W&H: I mentioned Jason earlier, but The Miracle 3 is a really tight, exciting unit as a whole and everyone seems to contribute a lot to the overall sound. Do you feel that playing with Jason, Linda and Dave (and now Erik) with a group identity has changed the way you write songs? To be more specific, do you feel you now write songs more with the band in mind?

Steve: "I definitely wrote the songs on "...tick...tick...tick" with this band in mind. We had really developed our own sound and style and intensity in four years of touring and it made sense to capture that on record. In the past, I've asked musicians to bend to my songs. This time I bent to the musicians. Immediate, hard, fast, loud, raw, loose, improvisational--all of those things work for this band and worked for this record.   But I'm sure the next one will be different. That's just the way I usually work."

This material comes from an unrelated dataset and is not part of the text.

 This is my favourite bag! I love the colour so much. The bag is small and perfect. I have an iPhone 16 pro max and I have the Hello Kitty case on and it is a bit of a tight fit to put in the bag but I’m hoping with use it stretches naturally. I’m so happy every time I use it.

W&H: "...Tick...Tick...Tick.." has lots of the loud, garage-y excitement many of us love about your work, but as always it's challenging and thought-provoking. A song like "The Deep End", for example, sounds quite complex and somehow dreamy AND claustrophobic all at once. How did that one come about?

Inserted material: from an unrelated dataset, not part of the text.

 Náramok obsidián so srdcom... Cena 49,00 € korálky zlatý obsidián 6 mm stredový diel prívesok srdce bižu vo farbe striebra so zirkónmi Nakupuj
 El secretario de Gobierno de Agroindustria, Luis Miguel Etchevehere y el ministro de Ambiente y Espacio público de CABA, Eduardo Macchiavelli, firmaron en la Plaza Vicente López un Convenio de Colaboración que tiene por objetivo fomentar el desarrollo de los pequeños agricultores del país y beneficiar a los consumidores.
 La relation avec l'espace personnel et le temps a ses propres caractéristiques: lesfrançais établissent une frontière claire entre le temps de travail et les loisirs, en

Steve: "Linda (Pitmon - drums) and I wrote that together around 11 in the morning in a studio in Spain a couple of years ago while we were writing and recording a side project (that should be out sometime this year under the name Smack Dab). We were in a hazy, unfocused, lazy state, typical for Andalucian mornings and pretty much wrote and recorded the song in 15 minutes. It just fit the mood of the morning. And it's not like I'm boasting when I say we wrote it that quickly--the truth is that the good songs come most quickly and the bad ones take forever."

W&H: "No Tomorrow" is a cool way to conclude the album, too. It has two quite distinct sections that segue together really well and allows the band to really cut loose. It has a real, 'throw all the inhibitions away' feel to the lyric, which of course culminates with the line "I want to love you like there's no tomorrow." Was this one written with the intention of being the album's grand finale?

Steve: "Yeah, this one was always meant to be the last song. And it was always meant to have the two parts together.   I like the way that songs in the 70s always had multiple parts. It was like everyone was trying to write a rock opera in every song. Everyone. It's crazy when you go back now and realize that. Very few people do it now.   And the first part is pretty loose and unstructured and that made it a fun song to do in the studio.  Each performance was different and we just chose the one that fit with the record."

W&H: Last question for now. After the European tour and Christmas of course, what's next for Steve Wynn & The Miracle 3 and will you be returning to Tucson to record again?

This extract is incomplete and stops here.